O PFL ficou reduzido ao Distrito Federal.
e) O PMDB dividiu-se entre os dois pólos da disputa nacional, aprofundando a sua crise de identidade e apresentando-se cada vez mais como uma frente de interesses regionais. As situações de aliança com o PT ocorreram em circunstâncias bastante específicas, com clara hegemonia do PT e voltadas para a conquista de maioria eleitoral; não tem força, portanto, de servir para a "teorização" de uma nova política de alianças ou para a sustentação de uma nova governabilidade.

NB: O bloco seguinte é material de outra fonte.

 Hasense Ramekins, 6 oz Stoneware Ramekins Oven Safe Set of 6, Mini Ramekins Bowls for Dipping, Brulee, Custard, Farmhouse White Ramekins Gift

f) A campanha da candidata presidencial do PSOL teve um perfil fundamentalmente udenista, que fez com que disputasse votos da direita. Dentro dessa estratégia eleitoral, enquanto Lula e o PT foram raivosamente atacados por ela, Alckmin foi poupado na maior parte do tempo. Confirmando que não consegue ser um pólo de esquerda no movimento de mudanças para superar o neoliberalismo, o PSOL, devido às divergências internas, sequer apresentou um programa de governo até o final da campanha, e se isolou completamente das bases dos movimentos sociais combativos ao adotar, no segundo turno, uma atitude sectária e autoritária.

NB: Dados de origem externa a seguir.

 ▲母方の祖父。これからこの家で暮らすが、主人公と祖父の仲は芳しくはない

g) O segundo turno significou uma relação diferente entre os movimentos sociais e a disputa política eleitoral. Até então os movimentos sociais (exceção feita da CUT que tomou posição pública já no primeiro turno) oficialmente estavam "alheios" às eleições - ainda que uma parte de sua militância tivesse participação, sobretudo, em campanhas proporcionais. A possibilidade real de uma volta do PSDB-PFL ao governo e a mudança de tom da campanha no segundo turno (centrada agora na crítica às elites e às privatizações, ao lado da defesa da integração regional versus ALCA, da defesa do governo Evo Morales, da explicitação que estamos em um país socialmente dividido e de que o governo tem que priorizar as políticas que atendam interesses dos pobres) fizeram com que se acendesse no conjunto de movimentos sociais reunidos na CMS (Coordenação de Movimentos Sociais) e na Assembléia Popular (articulada pelas pastorais da Igreja Católica, o MST/Via Campesina e outros) a vontade política de participar na disputa para reverter aquele perigo. No segundo turno houve a garra e militância em níveis muito superiores aos até então verificados. O que agora está em pauta é como transformar essa conquista - de participação política dos movimentos na disputa eleitoral - em avanços dos próprios movimentos sociais e do novo governo.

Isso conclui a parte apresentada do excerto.